- **EXERCISE OBJECTIVE**
Word for word, return each entry that follows, with every image removed.
== SOURCE DATA ==
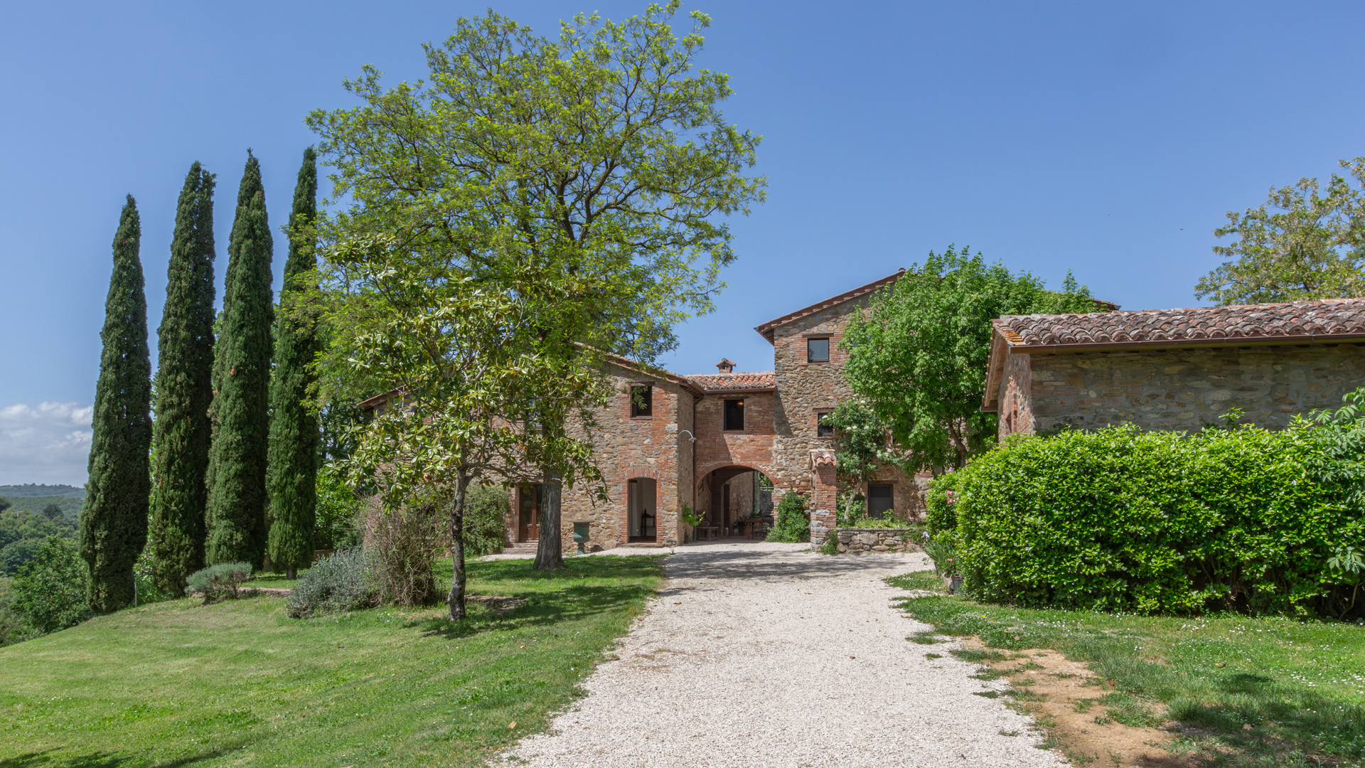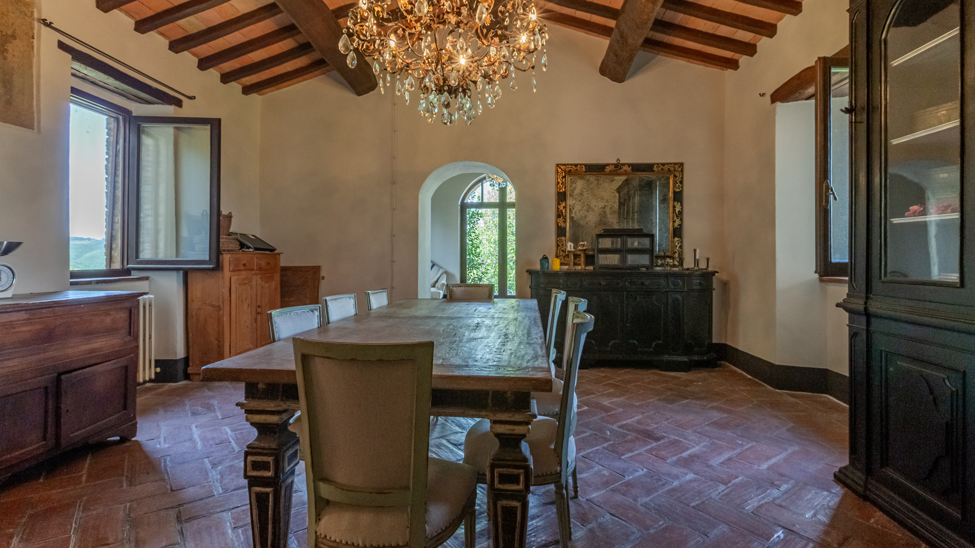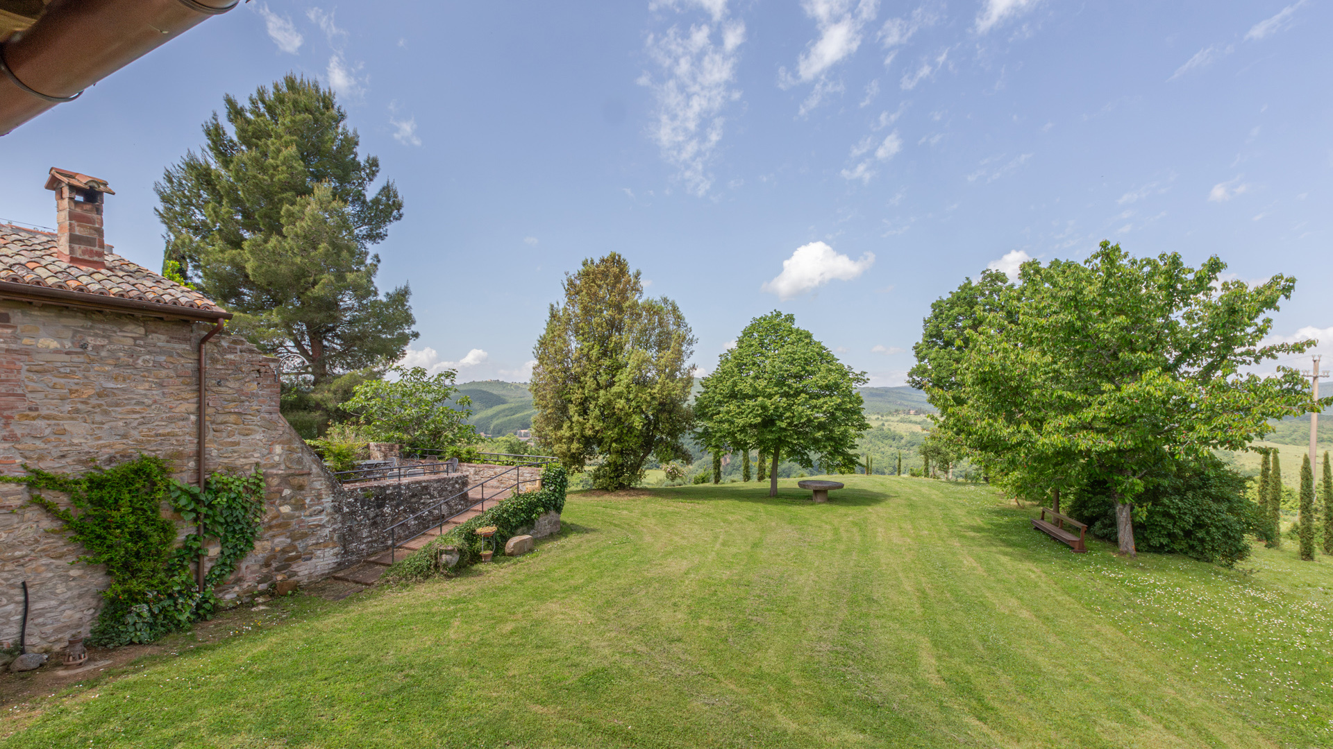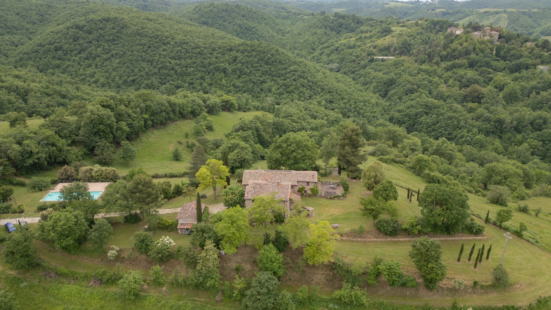 Nieruchomość położona jest na wzgórzu (480 metrów nad poziomem morza) z widokiem na piękną i nieskażoną dolinę Umbrii, bogatą w lasy i łagodne grzbiety. Zbudowana w pobliżu starożytnej etruskiej drogi, która łączyła Orvieto i Perugię z Toskanią, nieruchomość została odnowiona w dwuletnim okresie 2022-2023, zachowując autentyczność i rustykalny urok XVII-wiecznej wioski. Jest teraz podzielony na 4 komfortowe niezależne apartamenty o łącznej powierzchni około 735 m2, plus taras o powierzchni 50 m2, ganek o powierzchni 10 m2, aneks rolniczy o powierzchni 37 m2 (dawniej mały kościół), garaż o powierzchni 18 m2 i inne pomieszczenia techniczne o łącznej powierzchni około 66 m2. Główny budynek jest podzielony na 3 poziomy. Na parterze: w lewym skrzydle znajdują się 2 duże salony i pomieszczenia techniczne, natomiast w prawym skrzydle znajduje się wejście, jadalnia, duża kuchnia, sypialnia z aneksem kuchennym, łazienka i dwa inne pomieszczenia gospodarcze. Pierwsze piętro: do lewego skrzydła prowadzą zewnętrzne schody i kolejne schody z loggią – wewnątrz znajduje się duże wejście / salon, 2 sypialnie i łazienka. Do prawego skrzydła wchodzi się przez dwa wejścia: pierwsze z zewnętrznej klatki schodowej z loggią, a drugie z pięknego tarasu. Wchodząc z loggii, znajdziemy kuchnię, sypialnię i łazienkę; z innych drzwi loggii wchodzimy do innego mieszkania składającego się z 3 sypialni, dwóch łazienek, dużej jadalni, kuchni i salonu z pięknymi drzwiami, które otwierają się na taras. Na drugim piętrze, do którego prowadzą wewnętrzne schody łączące pierwsze piętro, znajdują się 3 niezależne sypialnie i 3 łazienki. Nieruchomość otoczona jest pięknym panoramicznym ogrodem o powierzchni około 9 400 m2, w którym znajduje się duży basen o wymiarach 6×17 metrów z dołączonymi przebieralniami, które można również wykorzystać do innych celów. Możliwość zakupu dodatkowych 9 hektarów ziemi.
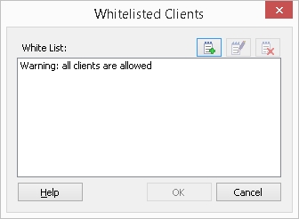 The Whitelisted Clients screen displays when you click on the 'Access Control' button on the Main screen. It allows you to configure the what Enterprise Architect clients are authorized to communicate with the Pro Cloud Server. By default all clients are authorized, however if your environment requires a higher level of security then it is possible to limit exactly what clients can access the Pro Cloud Server.
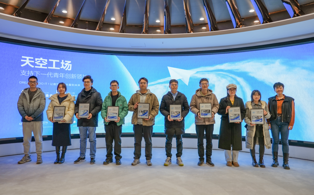首批“天空工场”成员接受证书并进行主题分享,讲述他们对未来的畅想
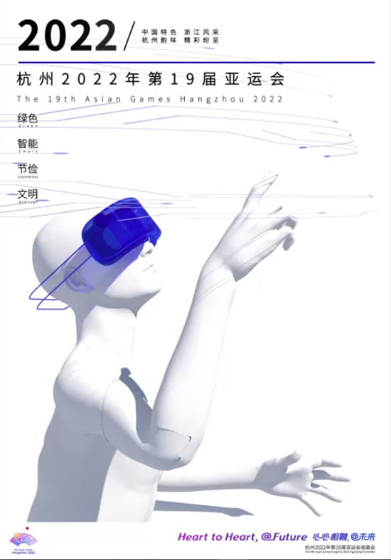海报以“智能观赛”为灵感来源,蓝色和白色分别体现杭州亚运会的科技感与未来感。海报展示了AR和VR技术的应用,突破观赛位置局限,用视觉语言向世界展现“智能亚运,数字杭州”。
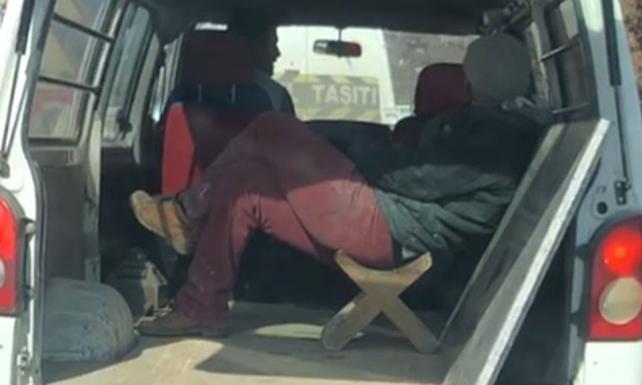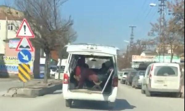 Kent merkezindeki Sanayi Mahallesi'nde bir kişi, bagaj kapağı açık hafif ticari araçta taburede oturarak yolculuk yaptı. Çevredekilerin tepki ve şaşkınlıkla izlediği kişi, bacak bacak üstüne atarak rahat tavırlarla yola devam etti. Araç bir süre sonra gözden kayboldu. Mermer taşınan araçtaki tehlikeli yolculuk cep telefonuyla görüntülendi.
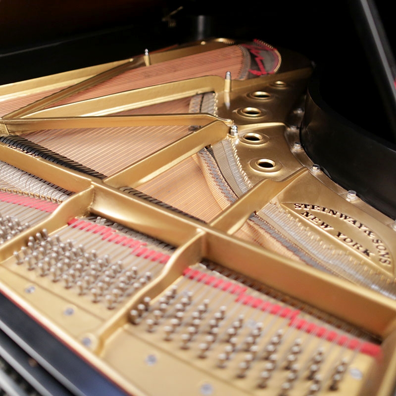 This Model B has an excellent original soundboard and has the original factory-installed pinblock. The original Teflon action was replaced with all genuine Steinway parts. Contact us on how we can adjust the tone to your liking. Includes a matching wood top bench.  Videos of this piano being played by a concert pianist here - Videos
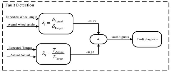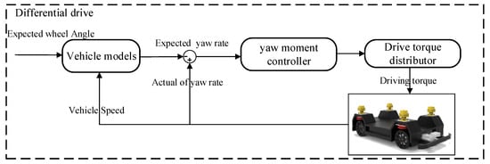 When the failure of a single steering motor occurs during trajectory tracking of an unmanned fully line-controlled distributed drive electric vehicle, the vehicle is controlled in a fault-tolerant manner by using differential drive. The main working principle of differential drive is shown in Figure 14.
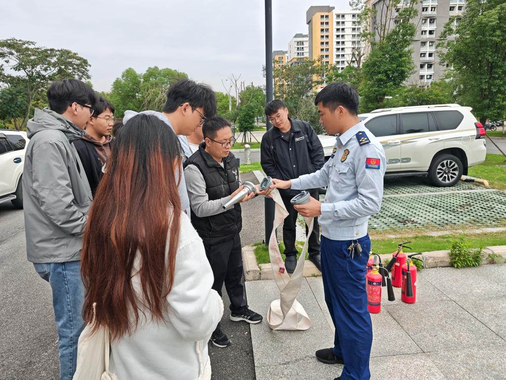 培训环节,汪洋队长以近年来国内外高校场所发生的火灾案例为切入点,深入剖析事故背后的根源性问题,着重强调了消防安全工作的重要性与现实紧迫性。针对实验室安全核心要点,他从电气设备规范使用、危化品存储管理等基础要求,到操作流程中的防火细节,进行系统性讲解,让在场师生深刻认识到火灾隐患往往潜藏于日常操作的细微之处。理论讲解后,汪洋队长现场展示灭火器、消火栓等消防器材的构造原理,并示范操作要领,在其指导下,师生们上手实操,体验灭火过程,切实将理论知识转化为实战技能。
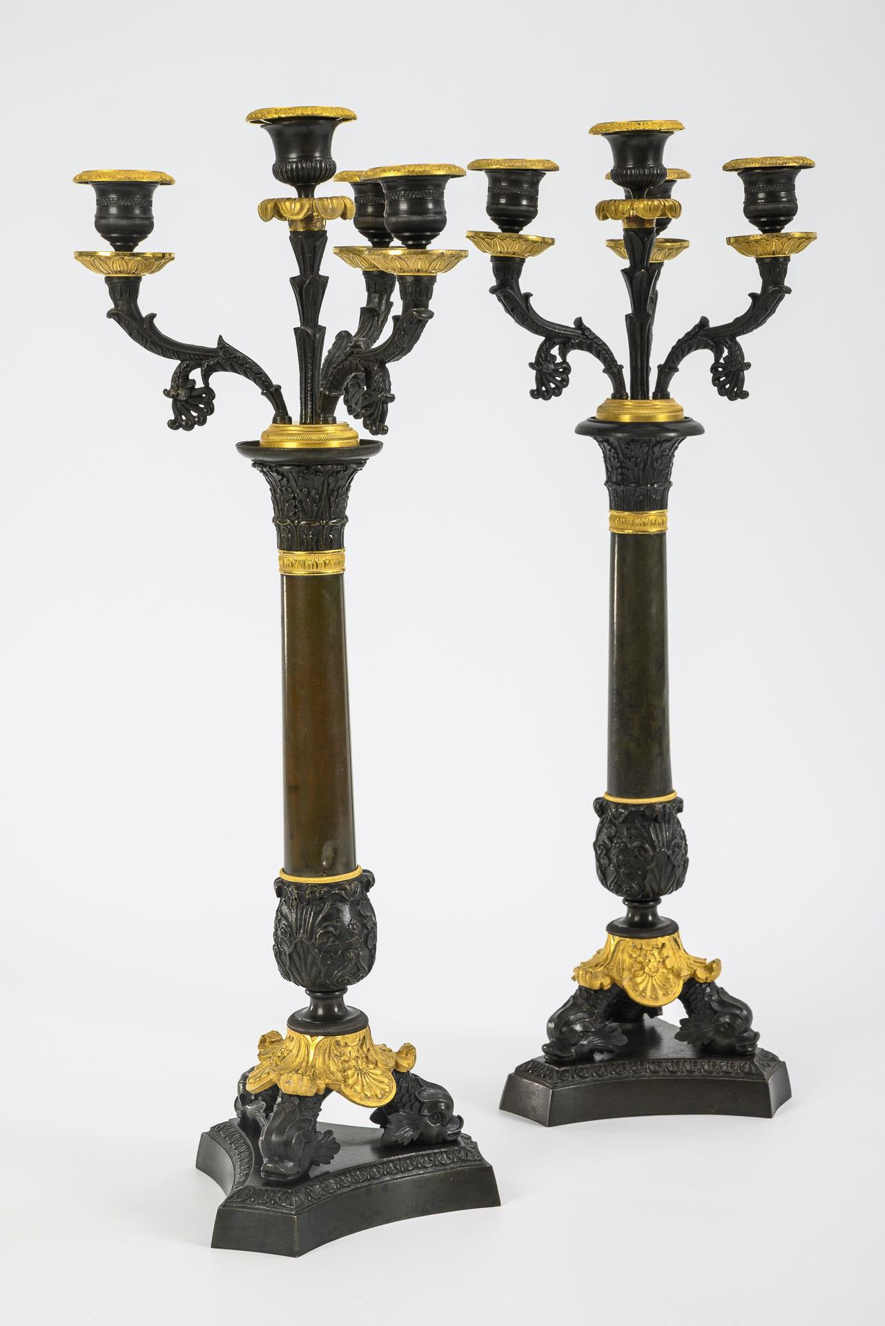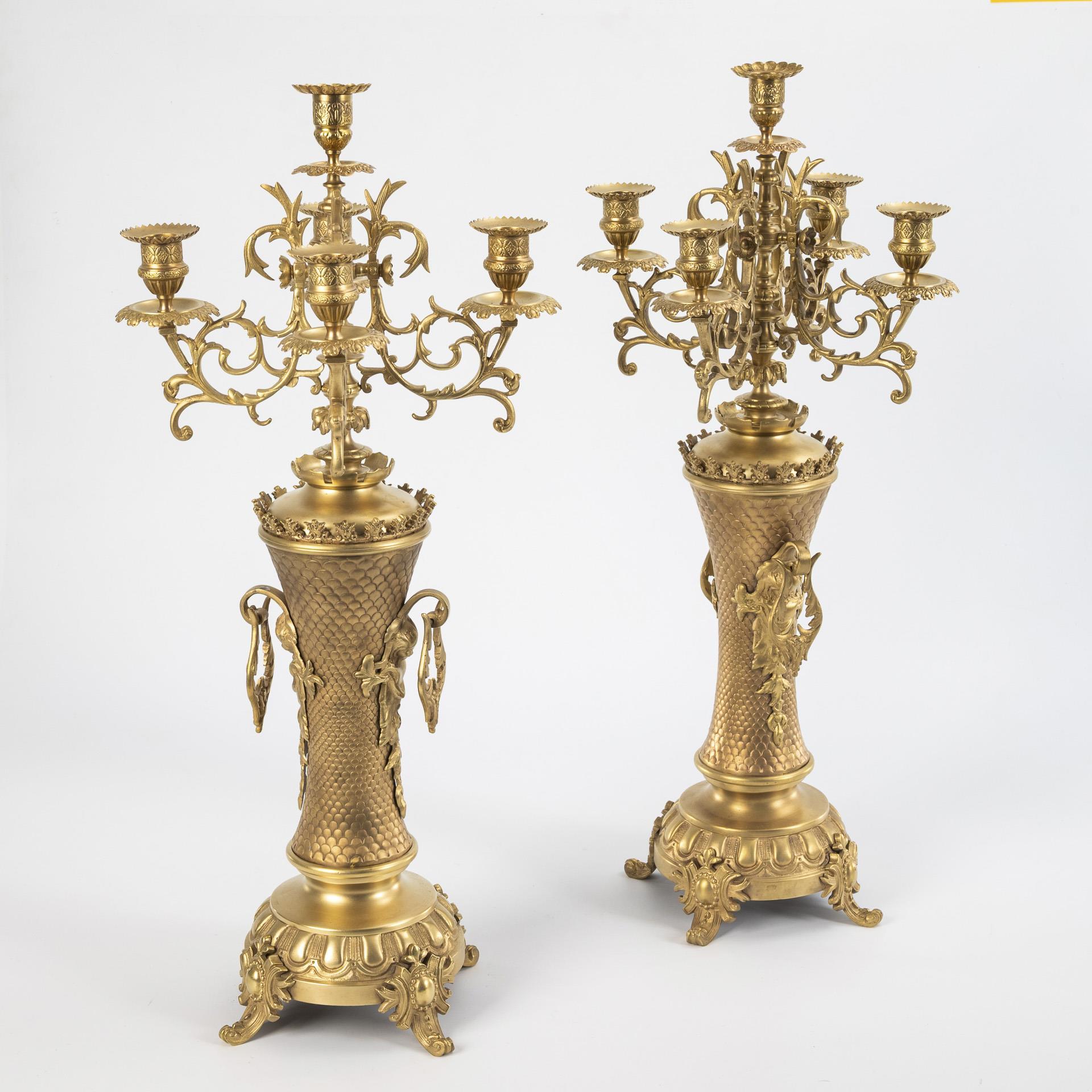 Zwei wohl flämische Kandelaber auf vier Volutenfüßen mit fünfflammigem Aufsatz. Zwei Handhaben an puttiförmigen Halterungen am rötlich-golden geschuppten Mittelschaft
===
- **RESULT**
 Nieruchomość położona jest na wzgórzu (480 metrów nad poziomem morza) z widokiem na piękną i nieskażoną dolinę Umbrii, bogatą w lasy i łagodne grzbiety. Zbudowana w pobliżu starożytnej etruskiej drogi, która łączyła Orvieto i Perugię z Toskanią, nieruchomość została odnowiona w dwuletnim okresie 2022-2023, zachowując autentyczność i rustykalny urok XVII-wiecznej wioski. Jest teraz podzielony na 4 komfortowe niezależne apartamenty o łącznej powierzchni około 735 m2, plus taras o powierzchni 50 m2, ganek o powierzchni 10 m2, aneks rolniczy o powierzchni 37 m2 (dawniej mały kościół), garaż o powierzchni 18 m2 i inne pomieszczenia techniczne o łącznej powierzchni około 66 m2. Główny budynek jest podzielony na 3 poziomy. Na parterze: w lewym skrzydle znajdują się 2 duże salony i pomieszczenia techniczne, natomiast w prawym skrzydle znajduje się wejście, jadalnia, duża kuchnia, sypialnia z aneksem kuchennym, łazienka i dwa inne pomieszczenia gospodarcze. Pierwsze piętro: do lewego skrzydła prowadzą zewnętrzne schody i kolejne schody z loggią – wewnątrz znajduje się duże wejście / salon, 2 sypialnie i łazienka. Do prawego skrzydła wchodzi się przez dwa wejścia: pierwsze z zewnętrznej klatki schodowej z loggią, a drugie z pięknego tarasu. Wchodząc z loggii, znajdziemy kuchnię, sypialnię i łazienkę; z innych drzwi loggii wchodzimy do innego mieszkania składającego się z 3 sypialni, dwóch łazienek, dużej jadalni, kuchni i salonu z pięknymi drzwiami, które otwierają się na taras. Na drugim piętrze, do którego prowadzą wewnętrzne schody łączące pierwsze piętro, znajdują się 3 niezależne sypialnie i 3 łazienki. Nieruchomość otoczona jest pięknym panoramicznym ogrodem o powierzchni około 9 400 m2, w którym znajduje się duży basen o wymiarach 6×17 metrów z dołączonymi przebieralniami, które można również wykorzystać do innych celów. Możliwość zakupu dodatkowych 9 hektarów ziemi.
 The Whitelisted Clients screen displays when you click on the 'Access Control' button on the Main screen. It allows you to configure the what Enterprise Architect clients are authorized to communicate with the Pro Cloud Server. By default all clients are authorized, however if your environment requires a higher level of security then it is possible to limit exactly what clients can access the Pro Cloud Server.
首批“天空工场”成员接受证书并进行主题分享,讲述他们对未来的畅想
海报以“智能观赛”为灵感来源,蓝色和白色分别体现杭州亚运会的科技感与未来感。海报展示了AR和VR技术的应用,突破观赛位置局限,用视觉语言向世界展现“智能亚运,数字杭州”。
 Kent merkezindeki Sanayi Mahallesi'nde bir kişi, bagaj kapağı açık hafif ticari araçta taburede oturarak yolculuk yaptı. Çevredekilerin tepki ve şaşkınlıkla izlediği kişi, bacak bacak üstüne atarak rahat tavırlarla yola devam etti. Araç bir süre sonra gözden kayboldu. Mermer taşınan araçtaki tehlikeli yolculuk cep telefonuyla görüntülendi.
 This Model B has an excellent original soundboard and has the original factory-installed pinblock. The original Teflon action was replaced with all genuine Steinway parts. Contact us on how we can adjust the tone to your liking. Includes a matching wood top bench.  Videos of this piano being played by a concert pianist here - Videos
 When the failure of a single steering motor occurs during trajectory tracking of an unmanned fully line-controlled distributed drive electric vehicle, the vehicle is controlled in a fault-tolerant manner by using differential drive. The main working principle of differential drive is shown in Figure 14.
 培训环节,汪洋队长以近年来国内外高校场所发生的火灾案例为切入点,深入剖析事故背后的根源性问题,着重强调了消防安全工作的重要性与现实紧迫性。针对实验室安全核心要点,他从电气设备规范使用、危化品存储管理等基础要求,到操作流程中的防火细节,进行系统性讲解,让在场师生深刻认识到火灾隐患往往潜藏于日常操作的细微之处。理论讲解后,汪洋队长现场展示灭火器、消火栓等消防器材的构造原理,并示范操作要领,在其指导下,师生们上手实操,体验灭火过程,切实将理论知识转化为实战技能。
 Zwei wohl flämische Kandelaber auf vier Volutenfüßen mit fünfflammigem Aufsatz. Zwei Handhaben an puttiförmigen Halterungen am rötlich-golden geschuppten Mittelschaft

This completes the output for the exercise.